D: No amenities at all… no air conditioning, no privacy, no running water….
T: We’ve got the whole lake! Why does it need to run??
D: It’s infested, that’s why!! Who knows what parasites we could get!
T: You’re an old lady.
D: You’re an idiot. Ow!!!
Q: What do you do there?
D: We are bored…
T: We swim and eat and dig and eat and chase things and eat and sleep on the beach!
Q: Any wildlife…other than the chipmunk, I mean?
T: Heee! Something big peeked at Deline when she was in the lake….
D: It was appalling! I was in the bath - so rude!
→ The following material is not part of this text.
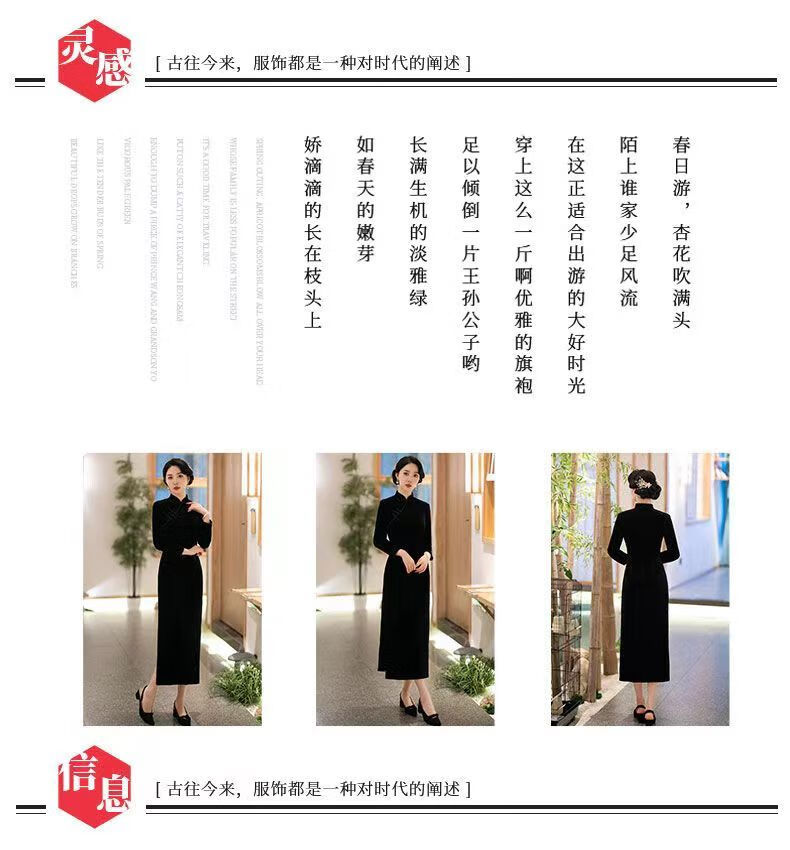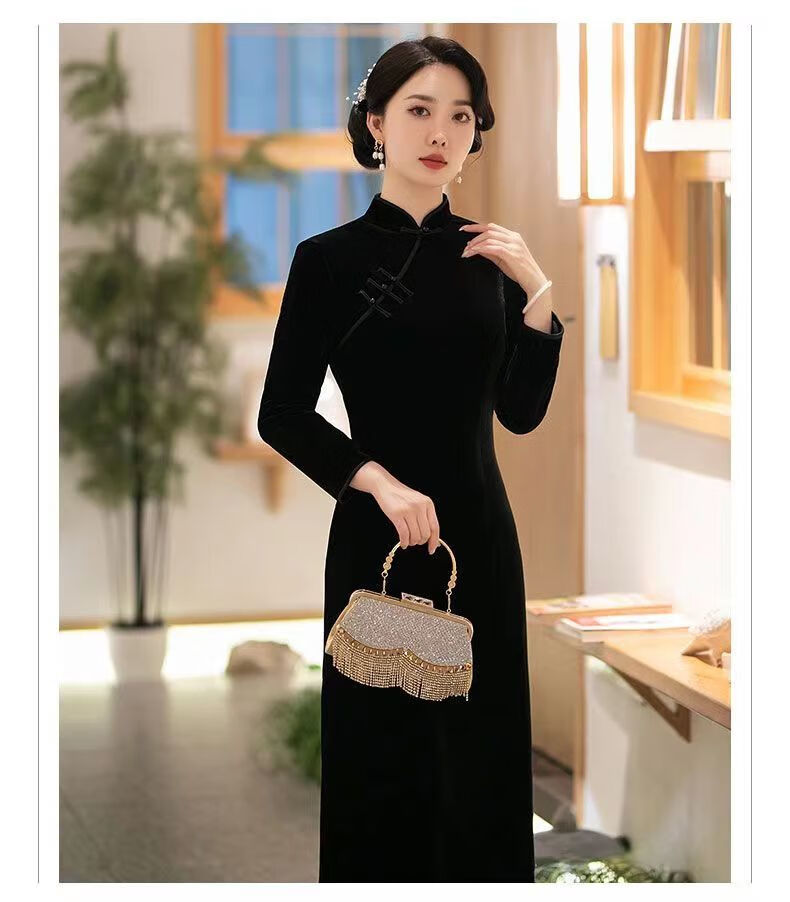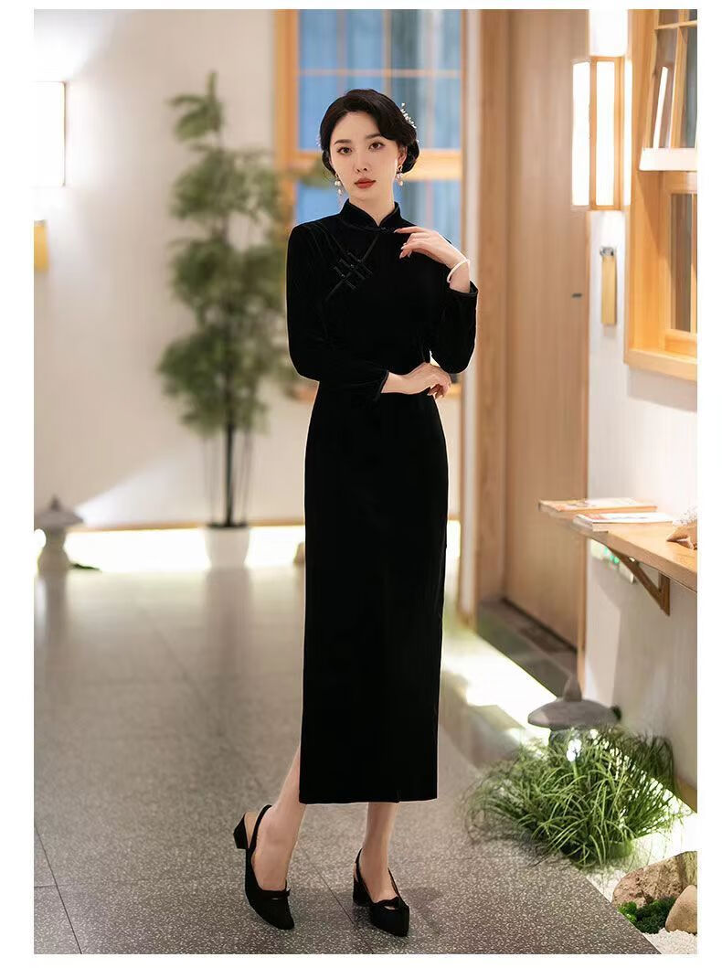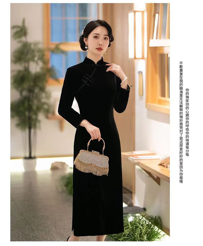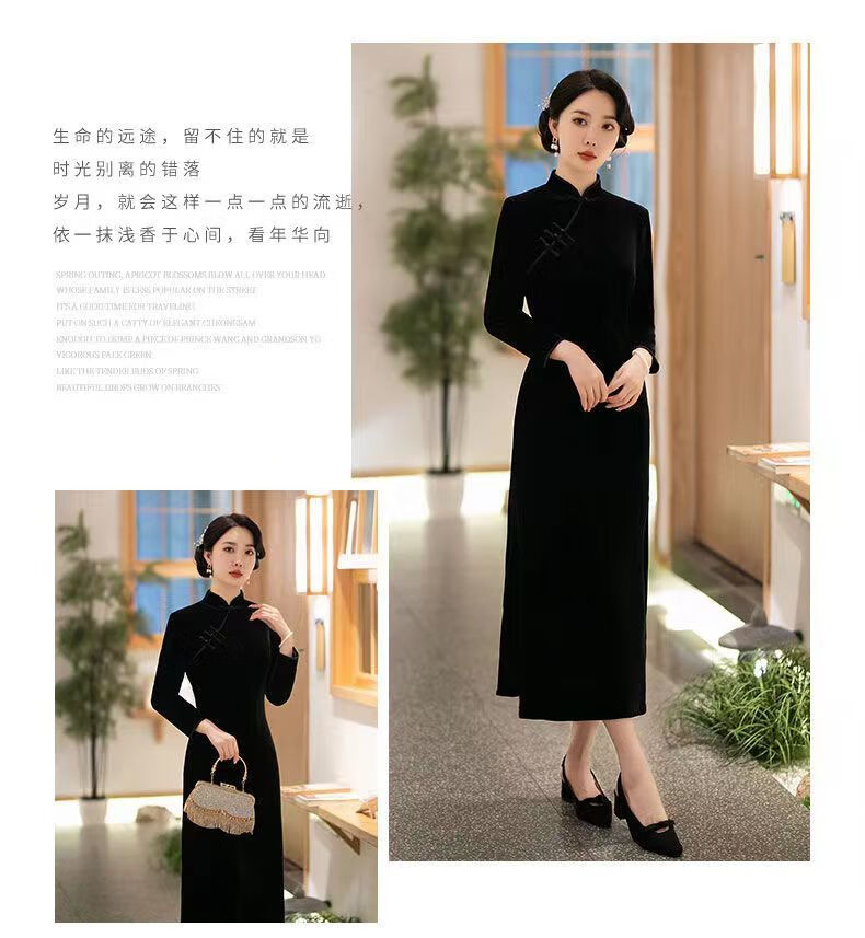 Pierre Cardin autumn and winter new velvet plus velvet cheongsam for women Chinese style retro slim slim long cheongsam dress for women black plus velvet thickened XL recommended 110-120Jin Jin equals 0.5 kg

T: She got soooo mad! She barked at it and kicked up sand and stomped around!!!
D: And if I recall, YOU ran back to the cabin.
T: I was PROTECTING the cabin!!!
D: From under the bunk? Oof. Get OFF!!!!
D: One night, we heard wolves howling….
T: And you wouldn’t even let us howl back at them. Didn’t want to attract the riff-raff, you said.
D: Wolves are uncivilized.
T: Wolves are cool! Our ancestors were wolves!
D: We don’t discuss that side of the family.
T: Look at me, I’m a wolf!!! Snarl, Snarl, Snarl!
D: Cease and desist!
D: Stop it, you’re spitting on me!
T: Snarl, snarl, slather…
D: I’m warning you - let GO! You’ll be sorry!
T: Yeah, what are you gonna do to a WOLF??
And so, as our interview is declared a shambles, we eagerly await future stories of the adventures of Deline and Tikhaia at Petersen Lake and beyond!
D: That is it…OW.…now I’m mad!
T: OW!!! OW!!! OW!!! OW!!!! LEGGO!!! GET HER OFF!!!!! MOM!!!!! OWWWW!!!!!